### Assignment:
Leaving out all pictures, return exactly the lines from the one that contains "涼しげで華やかなガラスのうつ" through the end of the data below.

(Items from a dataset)
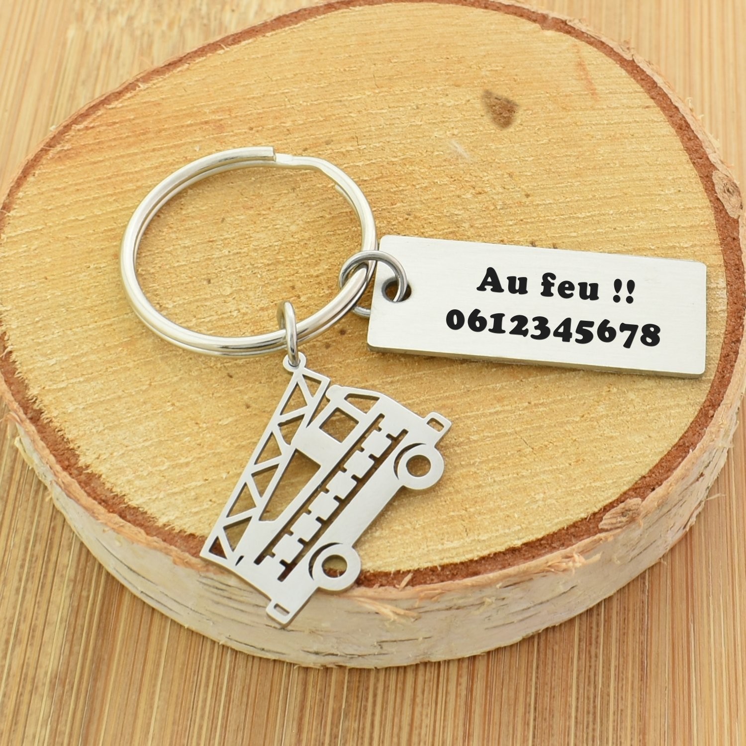 Porte-clés Pompier gravé — Camion Échelle Plaque 2 Lignes Cadeau Personnalisé Acier
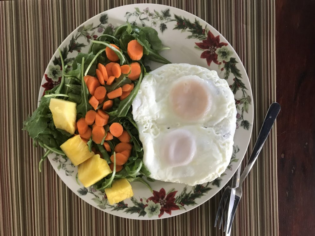 This picture is a great example of what eating REAL FOOD looks like. An attractive array of colors with a fresh salad of arugula, raw carrots, and a splash of pineapple. A light homemade vinaigrette salad dressing makes this meal simple yet satisfying. You will not be hungry for hours….
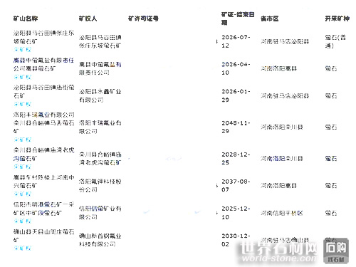 在欒川-嵩縣地區(qū),發(fā)現(xiàn)了多處大中型螢石礦產(chǎn)地,累計資源量超過1000萬噸,為當(dāng)?shù)鼐毞すI(yè)的發(fā)展提供了充足的資源支持。根據(jù)最新的數(shù)據(jù),河南省目前擁有38個螢石礦的礦權(quán)證書(包括探礦權(quán)和采礦權(quán)),這些信息可以通過礦通小程序查詢。
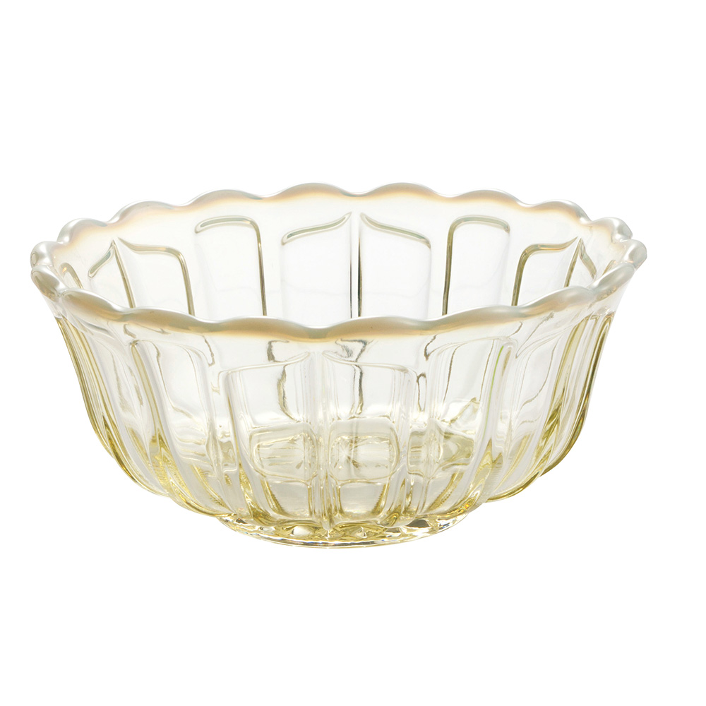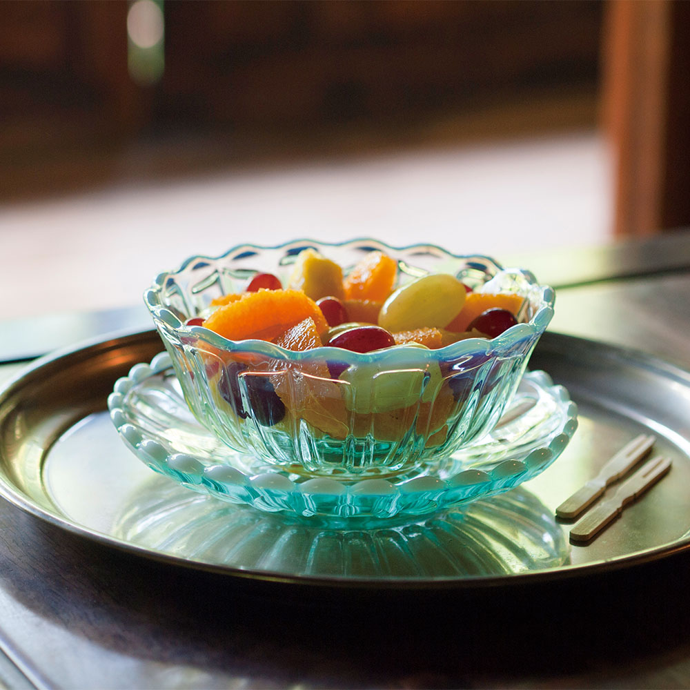 涼しげで華やかなガラスのうつわとお皿。1つ1つ手作業でつくられている日本製の美しい食器です。レトロで可愛らしいガラスの食器セット昭和に制作した型を今でも大切に使って作られているという、可愛らしい花のような食器。アンティークのガラスを思わせるディテールに、柔らかなオパール色の縁取りは降り積もった雪のようです。ふちの乳白色は手作業によるあぶりで加工されており、ひとつひとつあじわいが異なります。どこを眺めても愛らしくロマンティックなガラスです。レトロな雰囲気ながら、組み合わせで洋にも和にもアジアンにも。ちょっと大きめの洗鉢には、ぶどう一房が入ります。カットフルーツや、1人前のそうめんなどにちょうど良いサイズです。デザートトレーは、カットメロンをのせたいサイズ。洗鉢の下に置くのも良し、単品で使っても良し、毎日でも使いやすいかたちです。こちらは1899年創業の廣田硝子が製造。東京で最も歴史のあるガラスメーカーのひとつです。なかでも雪の花シリーズは、レトロな雰囲気を残しつつ、いつもの食卓を華やかに彩ってくれます。大切な方への贈り物としてもおすすめです。
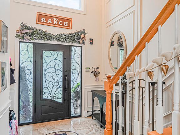 A dramatic two-story foyer with sweeping staircase and chandelier sets the tone, leading to a spacious formal living and formal dining room, an eat-in kitchen, and an adjoining family room with sliders to the backyard. Hardwood and tile floors and nine-foot ceilings run throughout. This highly functional living space is ideal for modern living.
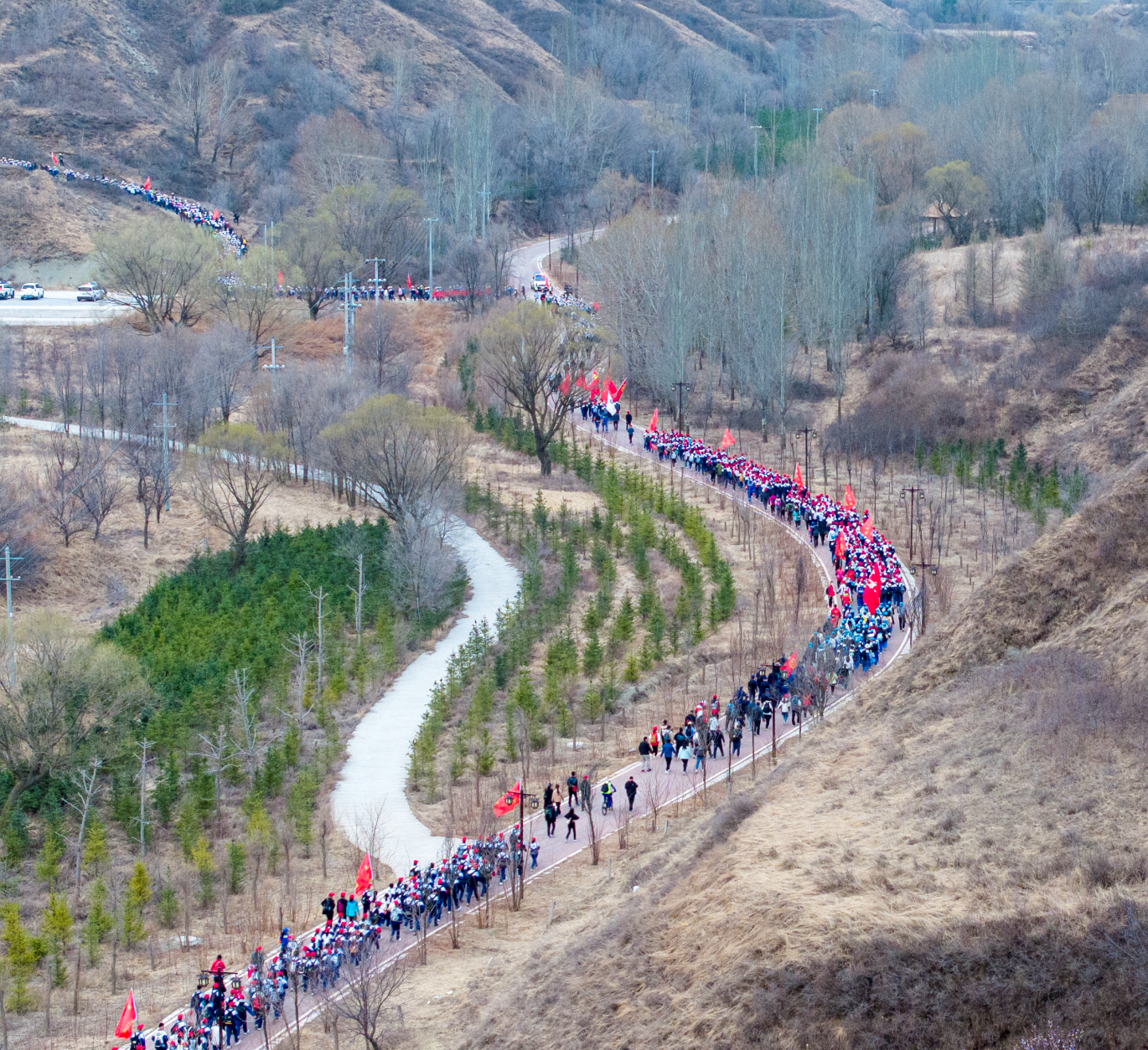 “百里徒步任山河祭英烈”活動由固原市第二中學、弘文中學連續(xù)組織開展了30年,成為大思政課優(yōu)秀案例?!」淘行侣剛髅街行墓﹫D

### Response box:
 涼しげで華やかなガラスのうつわとお皿。1つ1つ手作業でつくられている日本製の美しい食器です。レトロで可愛らしいガラスの食器セット昭和に制作した型を今でも大切に使って作られているという、可愛らしい花のような食器。アンティークのガラスを思わせるディテールに、柔らかなオパール色の縁取りは降り積もった雪のようです。ふちの乳白色は手作業によるあぶりで加工されており、ひとつひとつあじわいが異なります。どこを眺めても愛らしくロマンティックなガラスです。レトロな雰囲気ながら、組み合わせで洋にも和にもアジアンにも。ちょっと大きめの洗鉢には、ぶどう一房が入ります。カットフルーツや、1人前のそうめんなどにちょうど良いサイズです。デザートトレーは、カットメロンをのせたいサイズ。洗鉢の下に置くのも良し、単品で使っても良し、毎日でも使いやすいかたちです。こちらは1899年創業の廣田硝子が製造。東京で最も歴史のあるガラスメーカーのひとつです。なかでも雪の花シリーズは、レトロな雰囲気を残しつつ、いつもの食卓を華やかに彩ってくれます。大切な方への贈り物としてもおすすめです。
 A dramatic two-story foyer with sweeping staircase and chandelier sets the tone, leading to a spacious formal living and formal dining room, an eat-in kitchen, and an adjoining family room with sliders to the backyard. Hardwood and tile floors and nine-foot ceilings run throughout. This highly functional living space is ideal for modern living.
 “百里徒步任山河祭英烈”活動由固原市第二中學、弘文中學連續(xù)組織開展了30年,成為大思政課優(yōu)秀案例?!」淘行侣剛髅街行墓﹫D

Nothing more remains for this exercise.